Over the last ten days or so there have been disturbing reports about snakes being seen in some outer areas of Beijing and surrounding villages. Then yesterday there was a report about a pet dog being bitten by a rattlesnake when being walked in one of Beijings parks – gosh! A Rattlesnake…how could that be? I’d always thought that Beijing had no venomous snakes.
The most likely place to encounter a snake in this city would be in a restaurant
when it would have been sautéd with some ginger and garlic. Or, in a Traditional Chinese Medicine (TCM) pharmacy in a bottle of ‘Snake wine’.
It turns out that at this time of year groups of Buddhist animal rights activists go to the big markets and buy up as many snakes as they can so they can be released into the countryside thus saving them from their intended fate.

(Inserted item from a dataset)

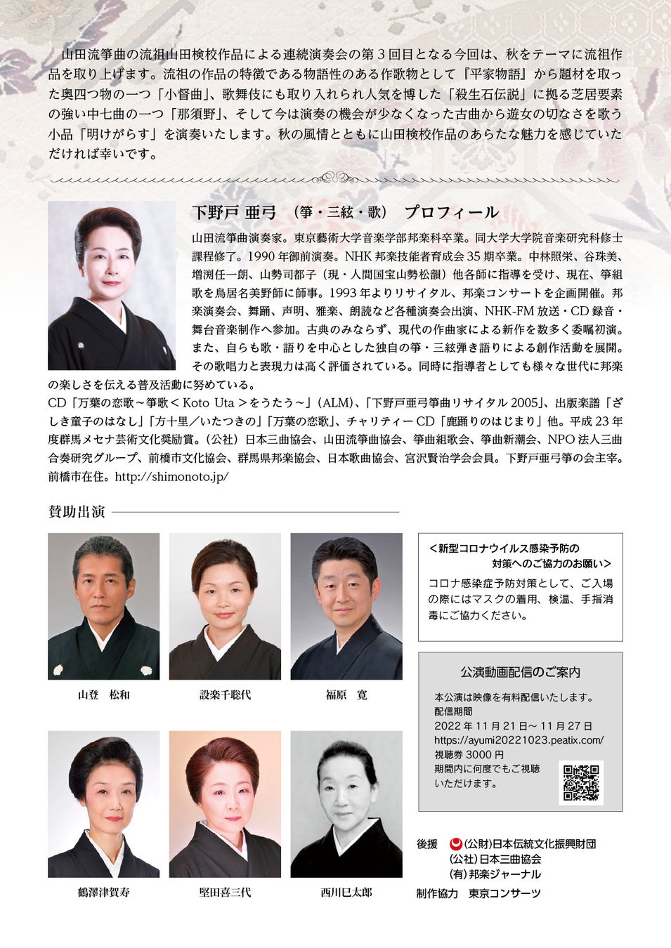 『下野戸亜弓箏曲リサイタルー山田検校作品連続演奏会Ⅲー』

Here I will have to digress a bit to explain why they do this. Fang sheng or animal release is often practiced in China; indeed in various places in China I have noticed men with cages full of little birds for sale outside the gates of Buddhist temples – the idea being you buy the birds and release them thereby improving your karma by showing compassion. If you apply this practice to the four animals which are considered sacred , namely snake, hedgehog , fox and weasel, you are thought to get even greater karmic benefit. A few years ago one of these Buddhist groups released a large number of foxes, bred for the fur trade, right next to a 20,000 bird chicken farm – carnage ensued.
Anyway, back to the snakes – the major incident last week was when the Beijing Shifang Mercy Group pitched up on the outskirts of Miao Erdong village in Xinlong county unloaded a whole lot of boxes and bags and then released 1000 snakes – everything from cobras to pythons. Needless to say the villagers were not amused, in fact they were livid. Most of them rushed for anything they could lay their hands on and started clubbing or hacking the snakes to death. Whilst all this mayhem was going on, others phoned the police and local authorities who were on the scene very quickly and arrested the releasers – some of whom have since been given hefty fines. The villagers are still up in arms as they only managed to destroy about half of the released snakes, and are now fearful about finding the poisonous creatures in and around their homes.
As far as the dog bitten by a rattlesnake is concerned, I just hope to goodness that some bunch of bunny-hugging Buddhists hasn’t decided to take the lazy option and just dump a whole lot of snakes in Beijing’s parks rather than way out in the countryside.
By the way – the word for a fear of snakes is Ophidiophobia – and I definately suffer from it.